DATA PROVIDED Start Marker

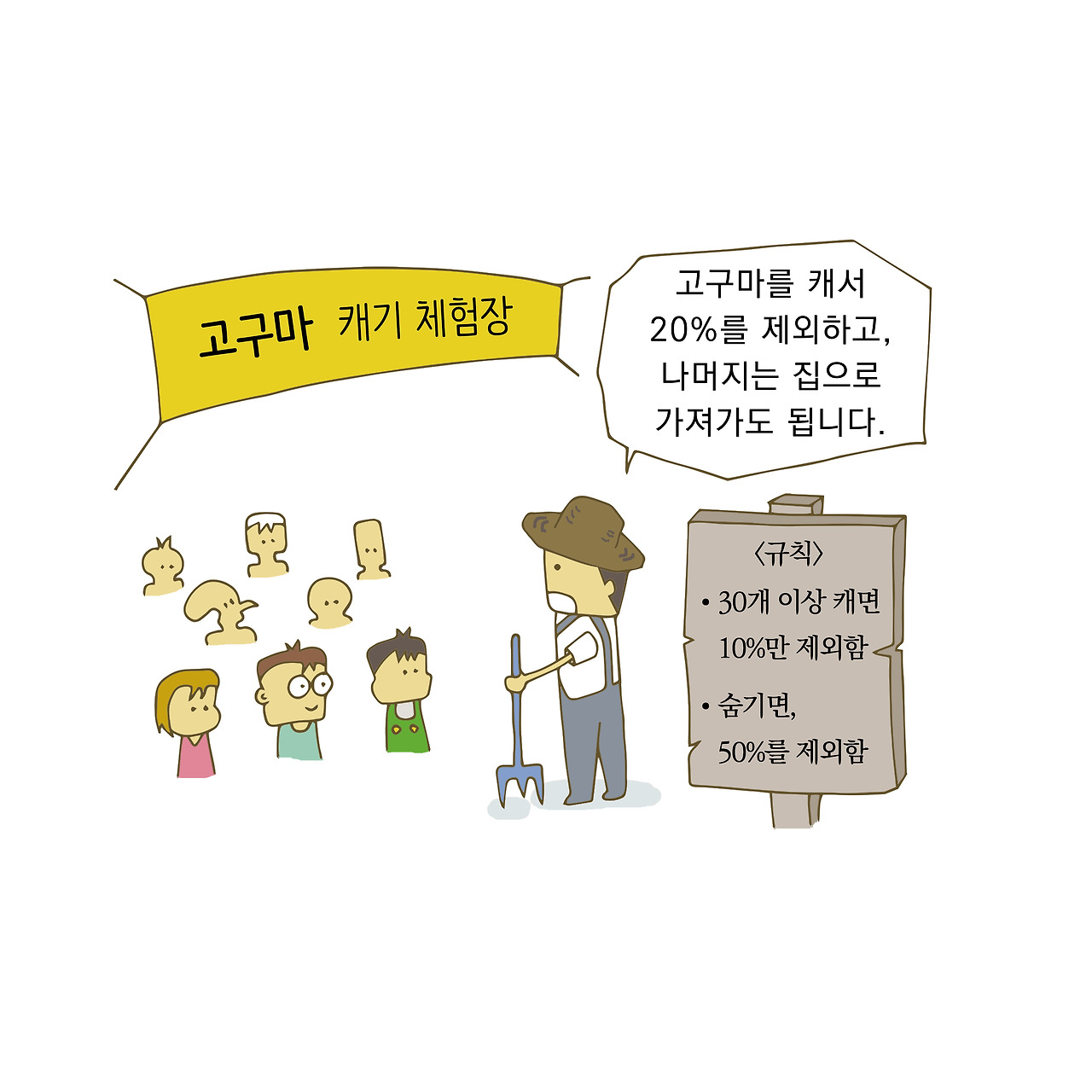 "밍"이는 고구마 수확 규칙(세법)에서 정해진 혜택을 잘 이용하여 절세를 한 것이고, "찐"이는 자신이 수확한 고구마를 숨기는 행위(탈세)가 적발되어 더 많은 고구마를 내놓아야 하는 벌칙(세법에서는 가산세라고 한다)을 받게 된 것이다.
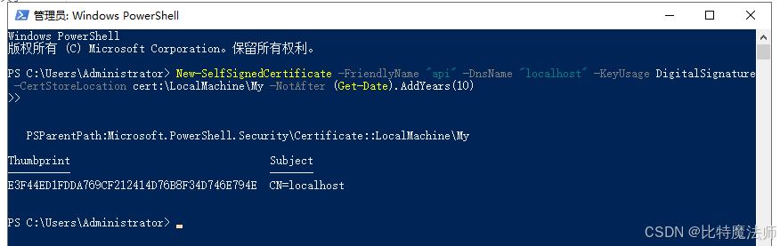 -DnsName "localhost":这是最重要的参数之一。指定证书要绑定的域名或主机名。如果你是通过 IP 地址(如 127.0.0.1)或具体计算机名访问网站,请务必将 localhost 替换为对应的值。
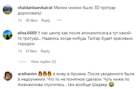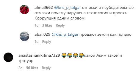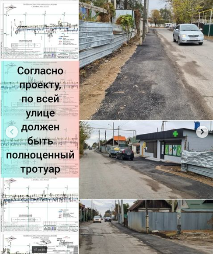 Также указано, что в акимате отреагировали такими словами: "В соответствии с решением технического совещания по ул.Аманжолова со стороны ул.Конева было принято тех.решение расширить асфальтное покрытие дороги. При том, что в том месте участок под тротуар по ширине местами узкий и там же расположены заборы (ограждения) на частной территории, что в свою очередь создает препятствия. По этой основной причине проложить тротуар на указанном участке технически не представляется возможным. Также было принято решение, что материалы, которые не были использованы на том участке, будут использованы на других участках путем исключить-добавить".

DATA PROVIDED End Marker

## WHAT NEEDS TO BE DONE
Exclude the images and reproduce the remaining data exactly.

## YOUR RESPONSE
 "밍"이는 고구마 수확 규칙(세법)에서 정해진 혜택을 잘 이용하여 절세를 한 것이고, "찐"이는 자신이 수확한 고구마를 숨기는 행위(탈세)가 적발되어 더 많은 고구마를 내놓아야 하는 벌칙(세법에서는 가산세라고 한다)을 받게 된 것이다.
 -DnsName "localhost":这是最重要的参数之一。指定证书要绑定的域名或主机名。如果你是通过 IP 地址(如 127.0.0.1)或具体计算机名访问网站,请务必将 localhost 替换为对应的值。
 Также указано, что в акимате отреагировали такими словами: "В соответствии с решением технического совещания по ул.Аманжолова со стороны ул.Конева было принято тех.решение расширить асфальтное покрытие дороги. При том, что в том месте участок под тротуар по ширине местами узкий и там же расположены заборы (ограждения) на частной территории, что в свою очередь создает препятствия. По этой основной причине проложить тротуар на указанном участке технически не представляется возможным. Также было принято решение, что материалы, которые не были использованы на том участке, будут использованы на других участках путем исключить-добавить".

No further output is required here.